The “avg” value is simple the average of the numbers selected for the trim shot. The next step is to define one standard deviation (“std dev”) value. Then I apply a standard error test (“std error”) to quantify the stability of the value. Obviously, we are looking for low standard deviation and error numbers, which mean the data are stable and quiet. There is actually quite a bit of TLAR (that looks about right) in this process, because I’m old school. I’m confident a young engineer well versed in MatLab could probably largely automate this process (and work a lot faster than I can!); but we don’t plan to do too many more manual calibrations.
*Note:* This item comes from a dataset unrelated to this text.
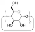 Une cyclodextrine est un oligomère (oligosaccharide) cyclique composé de n chaînons glucopyranose C6H10O5 liés en α-(1,4), d’où la formule brute (C6H10O5)n. Pour les cyclodextrines typiques les valeurs de n sont égales à 6, 7 ou 8. Mais d'autres cyclodextrines ont des valeurs de n plus élevées, de l'ordre de 10 à 30 ou même plus. Les plus grandes de ces molécules sont dites « cyclodextrines géantes »[2], et perdent les propriétés de molécules-cages. On utilise généralement le terme de cycloamyloses pour ces cyclodextrines qui tendent à se rapprocher de l'amylose. Cet oligomère en chaîne ouverte possède un grand nombre n de chaînons C6H10O5. On note l'analogie de structure entre : d'une part les trois cyclodextrines typiques et l'amylose, et d'autre part les trois cycloalcanes (CH2)n avec n = 6, 7 ou 8 et le polyéthylène (CH2)n avec n très grand.

What’s next in the manual calibration process: after the GPS speed runs are finished and we've developed these tables for each leg, well run those GPS track and speed numbers through a separate spreadsheet that calculates TAS and static source pressure error. With those data in hand, then I will drill down in to the high-rate data recorded by the V3 box to find Pfwd and P45 pressures for each trim shot. After I’ve built a pressure table, I’ll calculate aircraft weight and horsepower used for AOA calculations. All of those data will go into a third spreadsheet that will calculate absolute AOA, which we’ll plot and then curve fit to develop the aircraft curves. Once we’ve plotted the aircraft curves (4 total, one for each flap setting in the Sling), we’ll determine how many are required for accurate AOA information—it may be possible to combine some of them. Or not. We won't know until we look at the curve plots. After all of that is complete, we’ll program those curves into the V3 software. Lenny is currently modifying the software to accommodate logarithmic curves, which give better post-stall/high AOA performance the 2nd order polynomial fit we were previously using. After the curves are programmed, then we flight test to determine set points. The wifi interface is currently in flight test, so after we confirm that is working correctly, it will only be a matter of flying a particular configuration and speed and pressing an “input” button to insert the set points. We hope that the Sling aircraft are common enough that only minor set point adjustments may be required after we finish up all of the tedious work!